**SUPPLIED DATA**
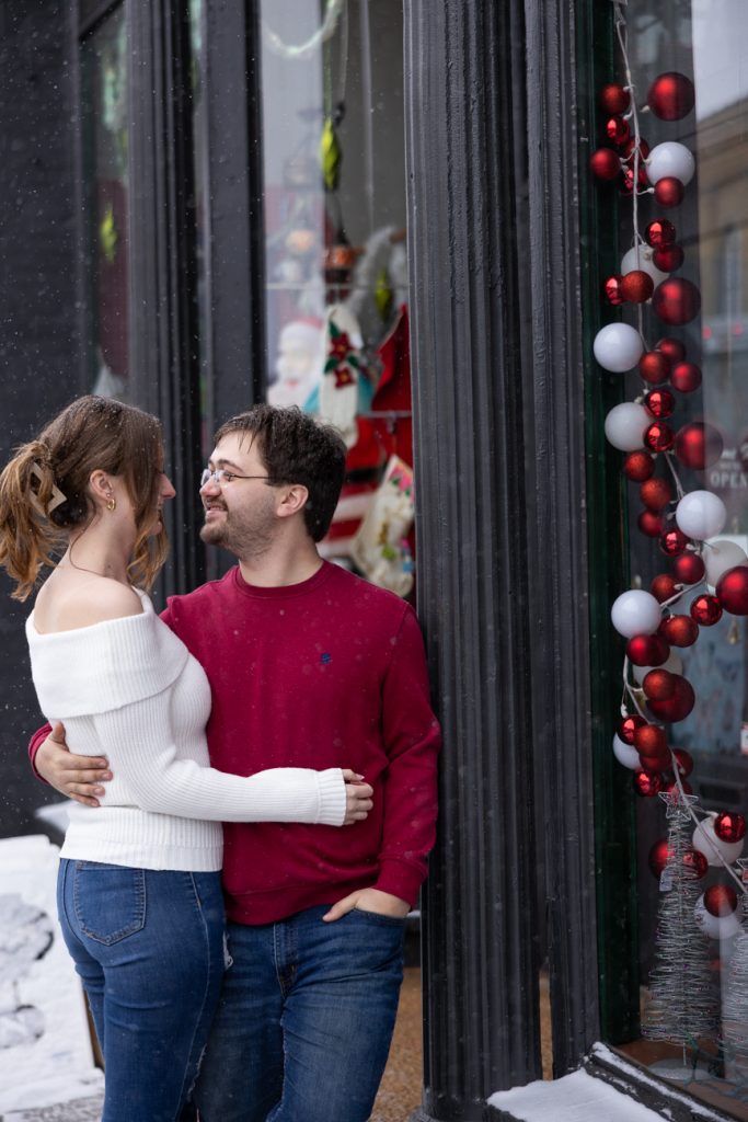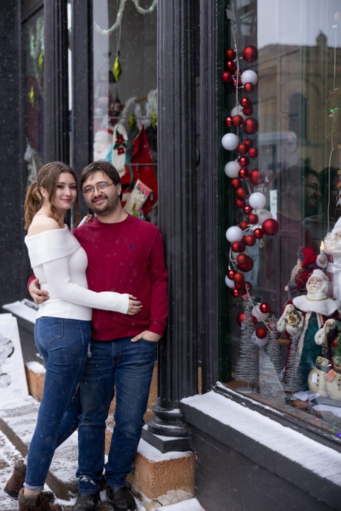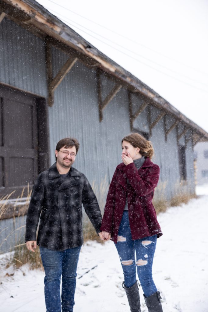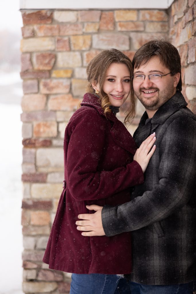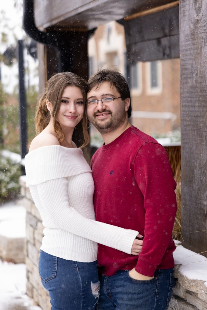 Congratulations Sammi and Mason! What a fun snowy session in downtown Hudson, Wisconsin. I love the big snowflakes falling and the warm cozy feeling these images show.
==
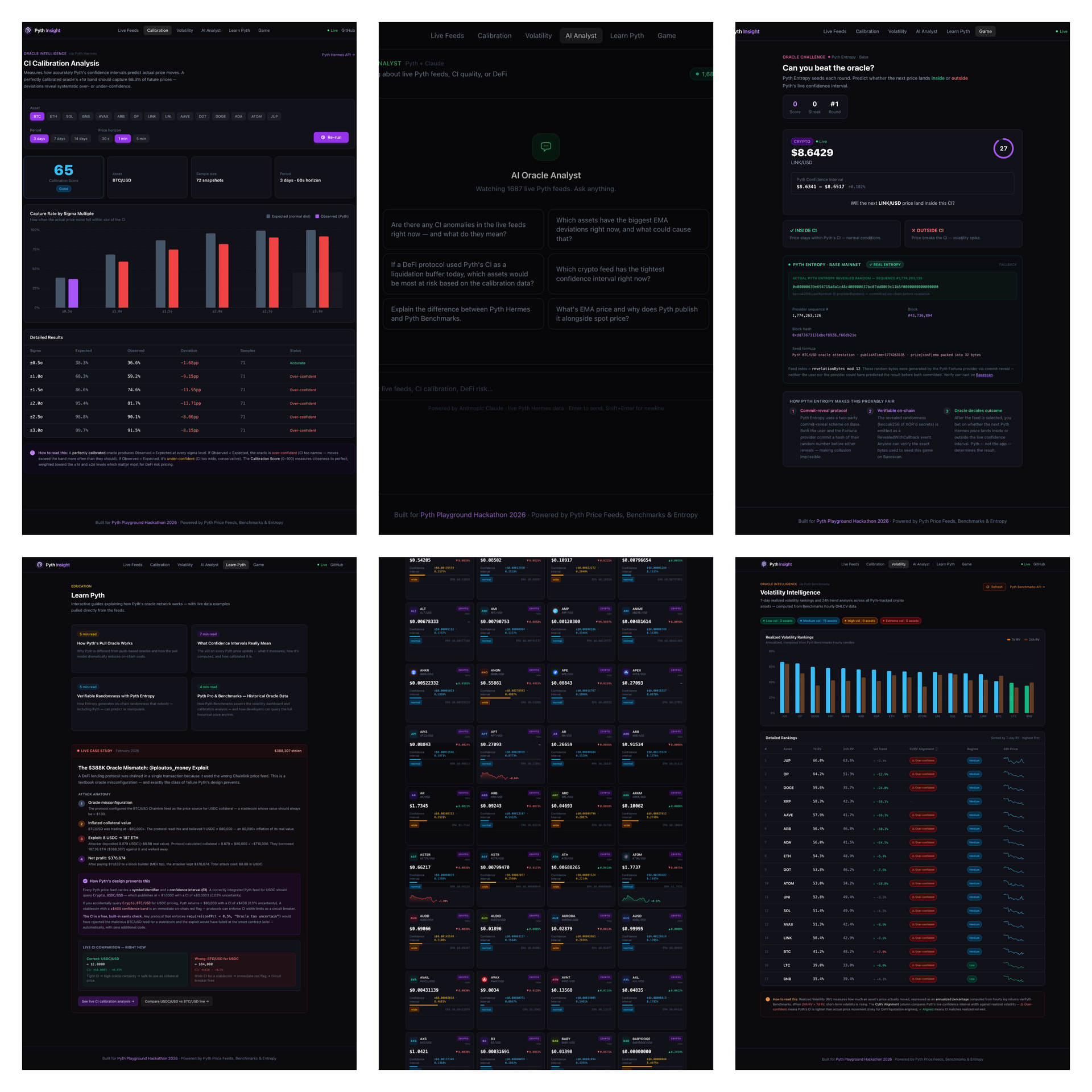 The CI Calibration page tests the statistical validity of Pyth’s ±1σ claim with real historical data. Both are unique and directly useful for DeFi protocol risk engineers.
==
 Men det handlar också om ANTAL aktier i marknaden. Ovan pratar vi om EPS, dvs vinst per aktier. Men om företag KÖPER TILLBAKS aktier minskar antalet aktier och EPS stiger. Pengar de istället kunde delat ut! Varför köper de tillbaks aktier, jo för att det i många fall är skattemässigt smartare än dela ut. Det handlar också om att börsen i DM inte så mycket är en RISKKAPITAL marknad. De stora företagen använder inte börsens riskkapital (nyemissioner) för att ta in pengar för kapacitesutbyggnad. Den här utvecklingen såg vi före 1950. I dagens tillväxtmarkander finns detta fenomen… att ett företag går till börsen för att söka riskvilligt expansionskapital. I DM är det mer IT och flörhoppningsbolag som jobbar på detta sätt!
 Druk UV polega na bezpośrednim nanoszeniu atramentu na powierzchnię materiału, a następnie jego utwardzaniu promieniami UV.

**REQUIRED ACTION**
Both the line containing "Men det handlar" and the line containing "Druk UV polega" belong in the answer. Print them and every line above that falls between them exactly, and no others.

**RESPONSE TO THE EXERCISE**
 Men det handlar också om ANTAL aktier i marknaden. Ovan pratar vi om EPS, dvs vinst per aktier. Men om företag KÖPER TILLBAKS aktier minskar antalet aktier och EPS stiger. Pengar de istället kunde delat ut! Varför köper de tillbaks aktier, jo för att det i många fall är skattemässigt smartare än dela ut. Det handlar också om att börsen i DM inte så mycket är en RISKKAPITAL marknad. De stora företagen använder inte börsens riskkapital (nyemissioner) för att ta in pengar för kapacitesutbyggnad. Den här utvecklingen såg vi före 1950. I dagens tillväxtmarkander finns detta fenomen… att ett företag går till börsen för att söka riskvilligt expansionskapital. I DM är det mer IT och flörhoppningsbolag som jobbar på detta sätt!
 Druk UV polega na bezpośrednim nanoszeniu atramentu na powierzchnię materiału, a następnie jego utwardzaniu promieniami UV.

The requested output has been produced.